Of Midori and Chota Tingrai Hara Green Tea Factory

Midori. Authentic matcha instant green tea. That’s the latest retail brand to come out of Chota Tingrai, Avantika and Mrityunjay Jalan’s tea bagan. If anything can be termed “destiny”, then the launch of this brand would probably fall under that head. A journey that began in the 1980s with Avantika and Mrityunjay’s father – Mrigendra Jalan would come a full circle in 2016.

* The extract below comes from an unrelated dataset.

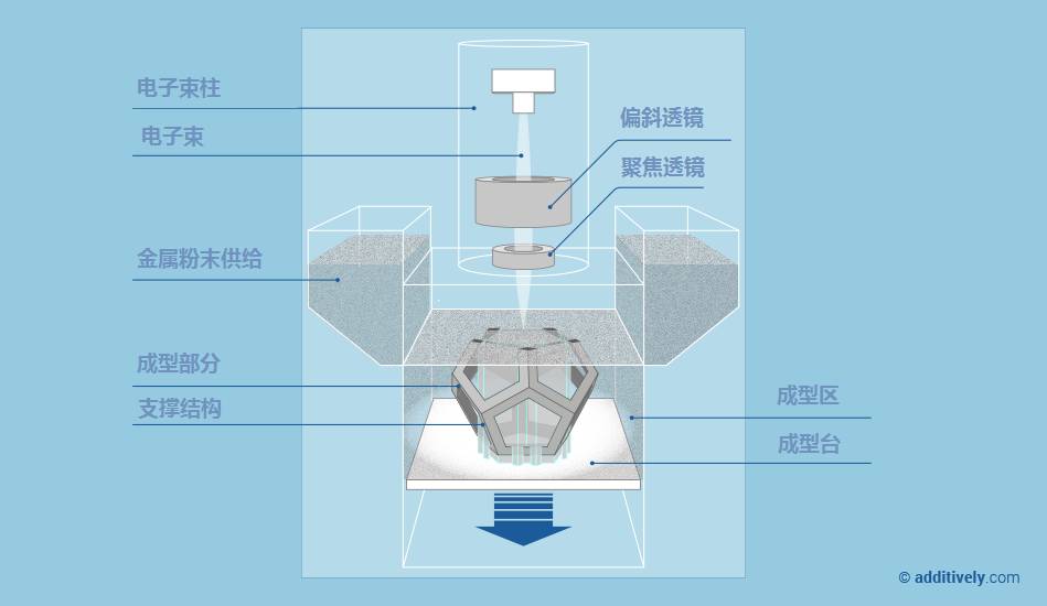 电子束熔融的过程很像激光熔融,只是热源由激光换成电子束。首先机器将一层很薄的金属粉末平铺在成型台上,被电子束熔化后,成型台下降一定程度以便下一层金属粉末可以覆盖至顶层,再被电子束在所选择的部分熔化。这一过程反复进行,直至最终成品。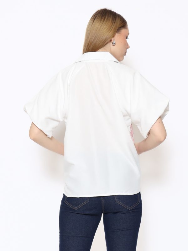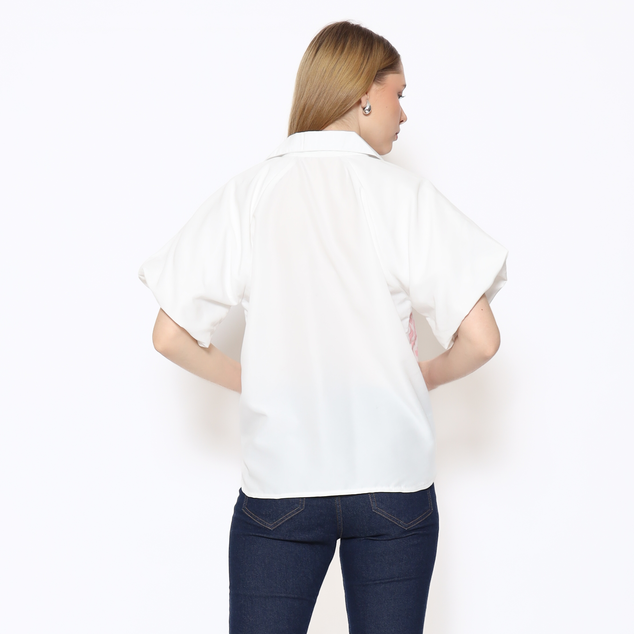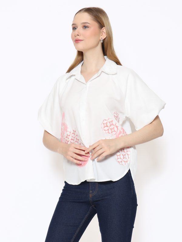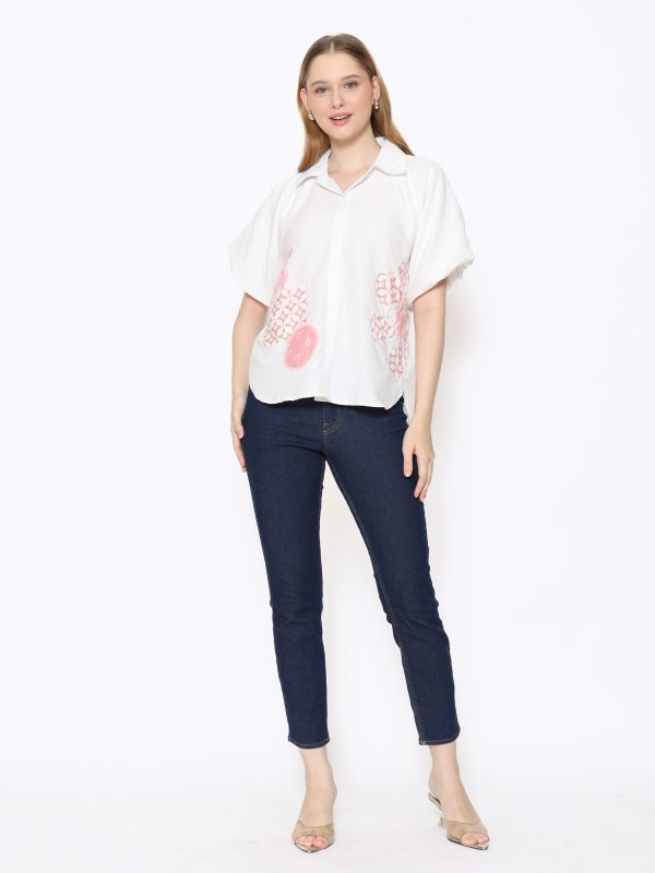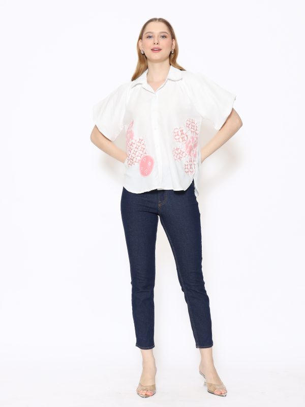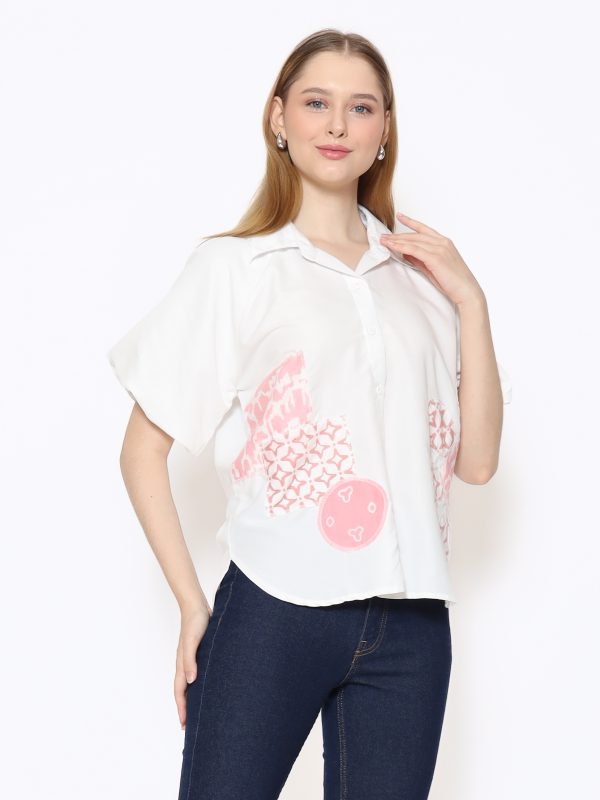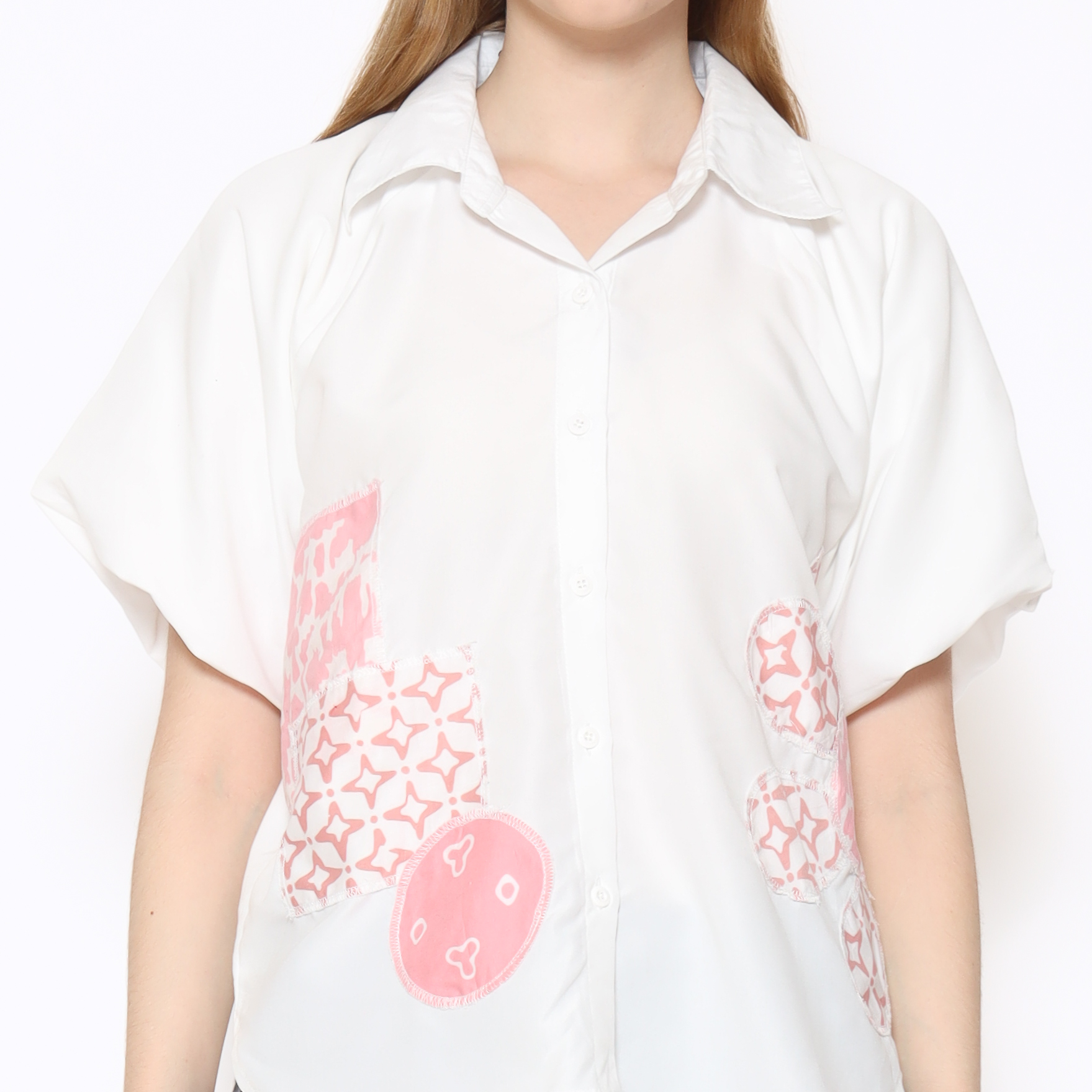 1. Kemeja detail patchwork batik cap dalam nuansa casual

In the staid and hierarchy aware world of the Assam tea plantations of the 1980s, Mrigendra Jalan was a novelty. Striving to usher in new tea products and setting up an open, collegial atmosphere at the estate, he was different. One of his ideas was introducing authentic green tea to the country. Then, in his mid 20s, Mrigendra would find a Sensei in the senior statesman of green tea, Ichiro Hara. Mr. Hara of the Umenoen Tea Company in Japan saw a spark in the young Mrigendra.  The two would collaborate to set up a green tea plant in Assam.  Sadly, the India of the 1980s was not an amenable  market for this concept. Mrigendra would leave the world of tea for that of organically grown cotton. For his children, Chota Tingrai became a place they went to for a break from their Kolkata residence.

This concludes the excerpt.